MostLime
/

lcm-chess

+---
+language:
+- en
+license: mit
+tags:
+- chess
+- transformer
+- gqa
+- hybrid
+- reinforcement-learning
+- game
+library_name: custom
+pipeline_tag: text-generation
+datasets:
+- MostLime/chess-elite-uci
+---
+# LCM — Liquid Chess Model
+A 29.2M parameter hybrid transformer trained to play chess, built from scratch. LCM uses a novel combination of GQA attention and LIV convolution blocks from Liquid AI's LFM2 architecture, trained with dual NTP + TOP objectives on ~8 million chess games.
+---
+## Architecture
+LCM is a hybrid transformer with two interleaved block types, distributed evenly across 16 layers using a Bresenham algorithm:
+- **6 GQA blocks** — Grouped Query Attention (8 query heads, 2 KV heads) with RoPE positional embeddings and SwiGLU FFN
+- **10 LIV blocks** — Local Input-dependent Value causal convolution (kernel size 4), efficient for local sequential patterns
+- **LRM** — Learnable Rate Multipliers on every block, stabilizing training dynamics
+- **Weight tying** — Embedding and NTP head share weights
+Layer pattern: `GQA LIV LIV GQA LIV LIV GQA LIV LIV GQA LIV LIV GQA LIV LIV GQA`
+| Parameter | Value |
+|-----------|-------|
+| Parameters | 29.2M |
+| d_model | 512 |
+| Layers | 16 (6 GQA + 10 LIV) |
+| Attention heads | 8Q / 2KV |
+| Context length | 255 tokens |
+| Vocab size | 1,977 |
+---
+## Training
+LCM was trained on a combined dataset of ~7.9M chess games:
+- [Chess Elite UCI](https://huggingface.co/datasets/MostLime/chess-elite-uci) — 7.8M games with an average Lichess-rated elo of 2600 per player
+- ~100k additional OTB & outside of Lichess games from private sources
+**Tokenization:** Each game is encoded as a sequence of UCI move strings (`e2e4`, `g1f3`, etc.), prepended with a POV token (`<W>` or `<B>`) indicating the side to predict for.
+**Training objectives:**
+- **NTP (Next Token Prediction, weight=0.30):** Predicts the next move given the sequence so far, applied only to the winning side's moves to avoid teaching losing play.
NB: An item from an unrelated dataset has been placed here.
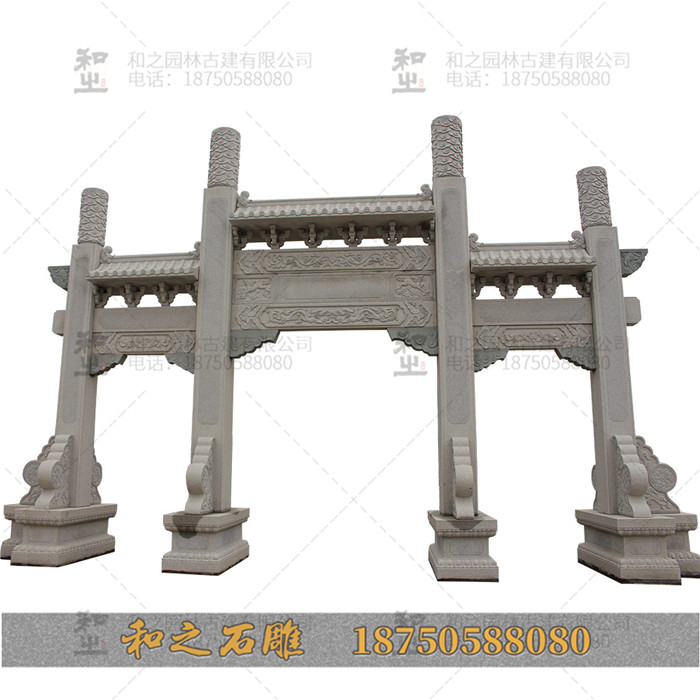 石雕牌坊的形狀也是設(shè)計的元素,客戶可選擇多種造型:一門簡易、一門一樓、一門三樓、三門簡易、三門三樓、三門五樓、三門七樓、五門簡易、五門五樓、五門七樓、五門九樓、五門十一樓等??梢钥吹贸鰜砼品坏囊?guī)律都是按照奇數(shù)來遞增的,主要是中國文化造成的,人們用奇數(shù)表示陽,而偶數(shù)表示陰,所以一般我們可以看到,陵墓附近的牌坊都是偶數(shù)的門樓,并且奇數(shù)在中國有著更深遠的寓意,一是數(shù)字之始,也是排名最靠前的數(shù)字,代表的是地位,也代表是榮耀,三在中國文化中的三生萬物,是萬物的發(fā)源數(shù)字,表達的也是萬物,三門表示萬物之門。五是中國五行的寓意,五行表達了萬物的元素。而七則是北斗七星,表達了方向和方位。九則是和五形成九五之尊,九鼎九州是國家權(quán)重的象征。

+- **TOP (Token Order Prediction, weight=0.70):** Predicts the relative order of upcoming tokens in a future window, introduced in [Zuhri et al., 2026](https://arxiv.org/abs/2508.19228) and provides richer training indicator compared to NTP alone.
+**Optimizer:** Muon (2D params) + AdamW (1D params) + AdamW with LRM-specific weight decay
+---
+## Limitations & Future Work
+LCM represents an initial exploration of LFM2-style hybrid architectures for chess as well as TOP to teach the model how to predict future moves. Known limitations:
+- **Tactical blindness** — misses simple immediate threats and captures in some positions. Hypothesized cause: elite training data (2300+ Elo) rarely contains hanging pieces or one-move tactics, so the model never learned to detect them.
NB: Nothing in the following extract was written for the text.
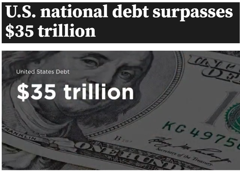 根據(jù)美國(guó)財(cái)政部近日發(fā)布的最新數(shù)據(jù),美國(guó)國(guó)債已超35萬(wàn)億美元。目前,美國(guó)債務(wù)總額比七國(guó)集團(tuán)中其他六國(guó)的國(guó)債總和還要多出15%。

+- **Implicit board state** — the model reconstructs position purely from move history rather than an explicit board representation, making it impossible to use for puzzles or any other contexts that don't have full game context.
+- **No search** — LCM selects moves in a single forward pass with no tree search or lookahead.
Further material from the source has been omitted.